L’œil vif, la langue brute de décoffrage, l’ex-patron de la police nationale est un ancien compagnon de route de Nicolas Sarkozy. Fils unique d’un avocat d’affaires réputé, il a vécu son enfance dans un hôtel particulier rue Fortuny, proche du métro Malesherbes, à deux pas du domicile des Sarkozy. Mais si leurs mères respectives sont amies, les deux garçons qui ont deux ans d’écart n’ont jamais "joué au bac à sable ou au train électrique" ensemble, selon les dires de Frédéric Péchenard. Ils n’ont tissé des liens très forts que sur le tard, lors de la prise d’otage de la maternelle de Neuilly-sur-Seine, en 1993, quand Nicolas Sarkozy a négocié avec "Human bomb". Frédéric Péchenard était alors le numéro de 2 de l’antigang.

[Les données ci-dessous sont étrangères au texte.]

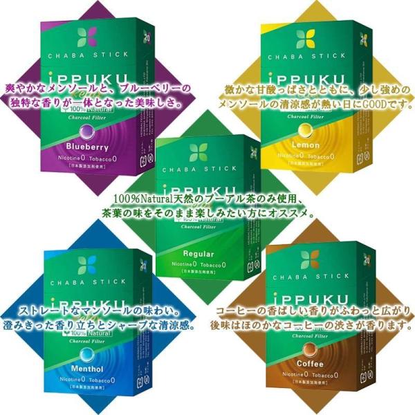 茶葉スティック 禁煙 iPPUKU ニコチンゼロ たばこ代用 3箱セット 5フレーバー レギュラー メンソール ブルーベリー レモン コーヒー アイスメンソール
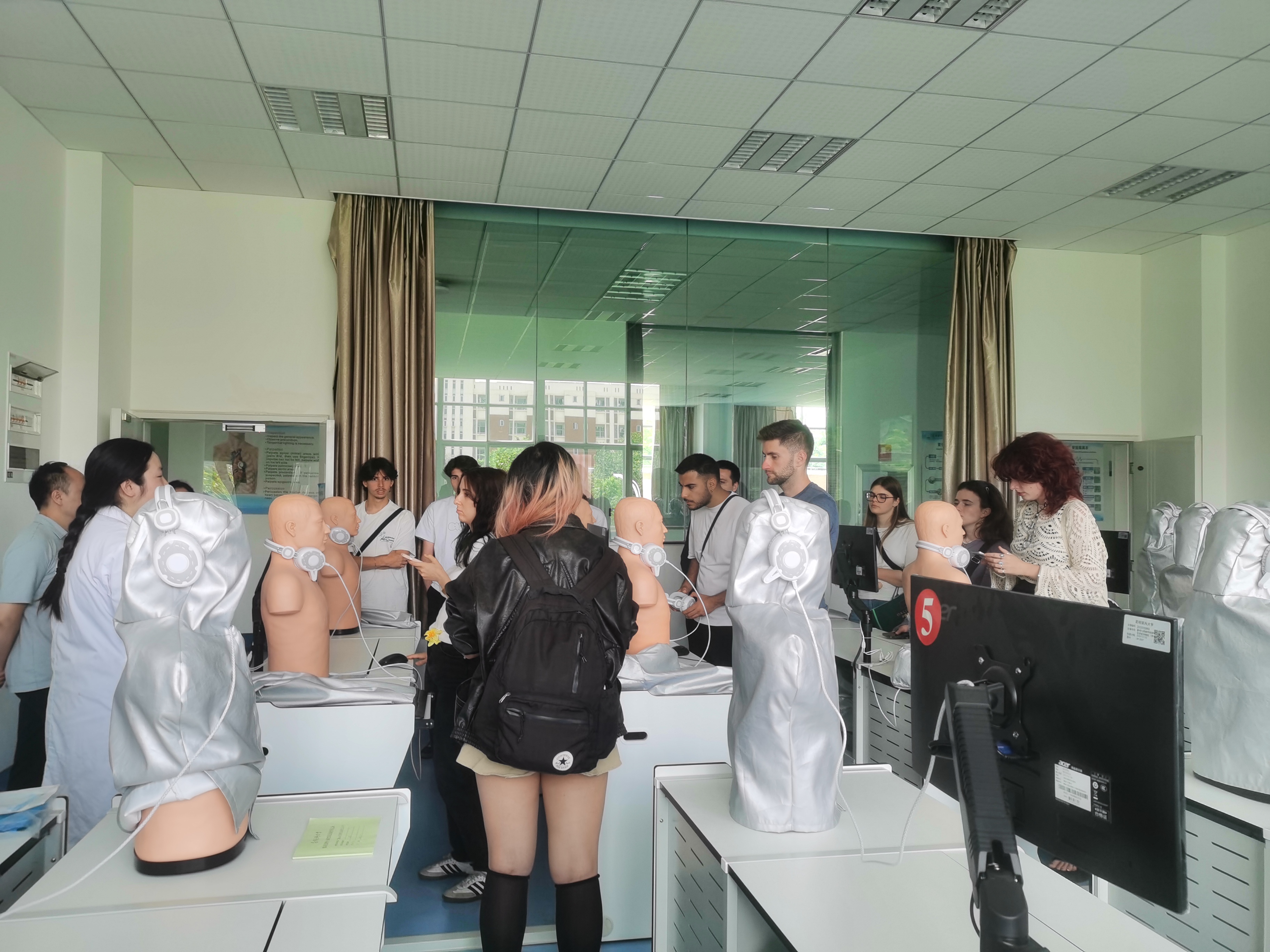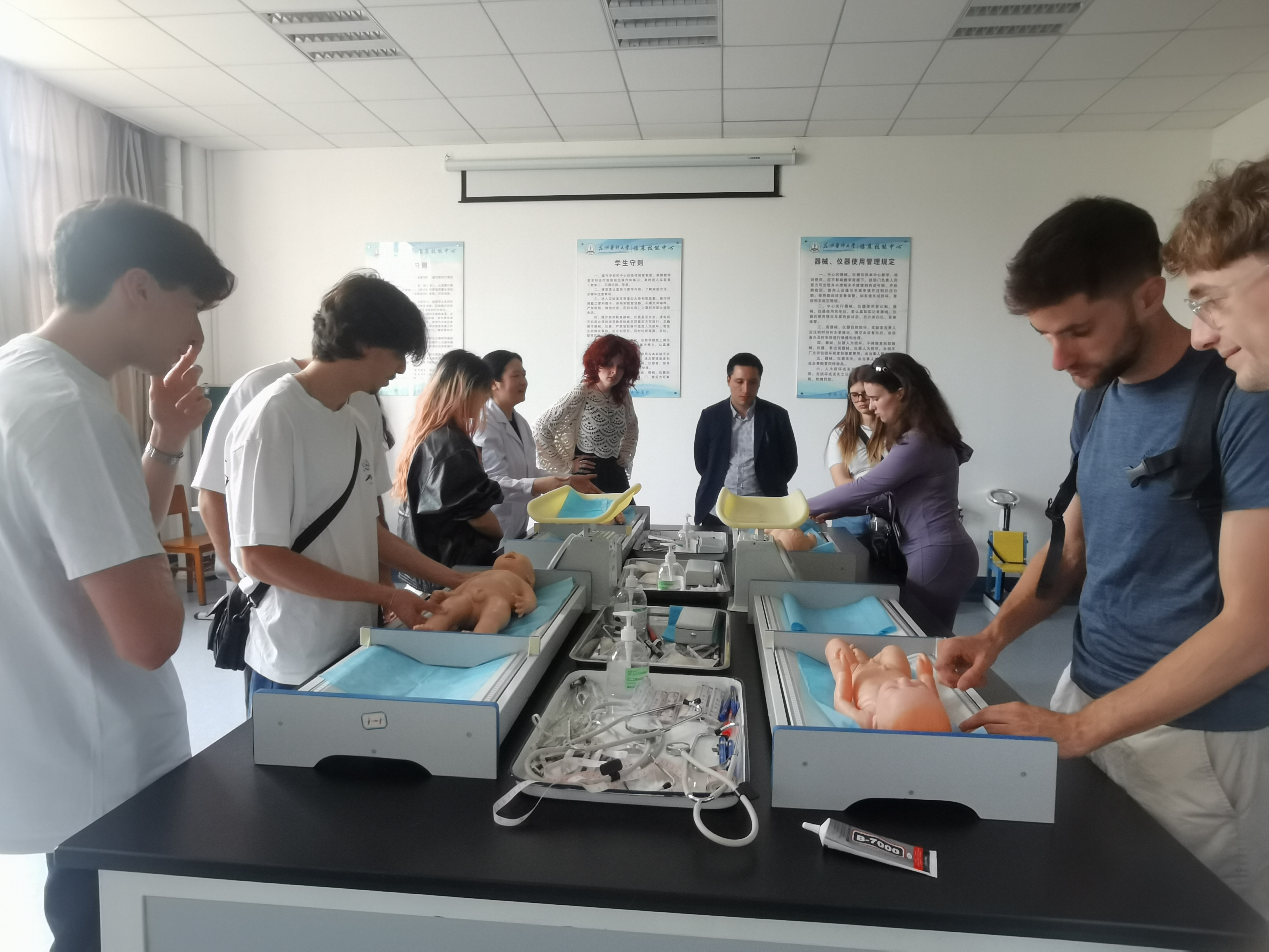 7月11日下午,法国洛林大学南锡医学院学生团组到中心参观交流。中心教师详细介绍了中心的各个功能区、模拟教学设备并指导来访学生体验了急救基本操作。

En 1996, il est le patron de la brigade de répression du banditisme (BRB) puis, en 2000, de la criminelle où il gère l'enquête sur la tuerie du conseil municipal de Nanterre (8 élus tués et 19 blessés en mars 2002). Son seul gros accroc dans une carrière irréprochable, c’est lorsque le tueur se suicide en se défenestrant du quatrième étage des bureaux des enquêteurs du 36 Quai des Orfèvres… Il a fait front en mettant sa tête en jeu.

Frédéric Péchenard a été de tous les secrets de la galaxie Sarkozy

Arrivé à Beauvau, le nouveau ministre de l’Intérieur, Nicolas Sarkozy, en fait l’un de ses hommes de confiance. Et en 2007, le locataire de l’Elysée le nomme directeur de la police nationale. Frédéric Péchenard a été de tous les secrets de la galaxie Sarkozy, c’est lui qui a ordonné les enquêtes sur les rumeurs touchant le couple présidentiel et sur l'origine des PV impliquant Eric Woerth, dans l'affaire Bettencourt, publiés dans Le Monde. Mais malin et très procédurier, il n’a jamais été inquiété par la justice. A l’inverse d’un Claude Guéant, par exemple.

En 2012, lorsque François Hollande gagne la présidentielle, il est débarqué et muté à la circulation, comme délégué interministériel à la sécurité routière. Un placard. Ce n’est qu’à l’occasion des municipales de mars 2014, poussé par Nicolas Sarkozy, que l’ancien grand flic change radicalement de vie et se porte candidat aux côtés de Nathalie Kosciusko-Morizet. Il s’occupe des questions de sécurité, fait le job sur les marchés parisiens et n’hésite pas à en faire des tonnes en comparant Paris au Bronx. Au final, Il est élu conseiller de Paris dans le 17e arrondissement.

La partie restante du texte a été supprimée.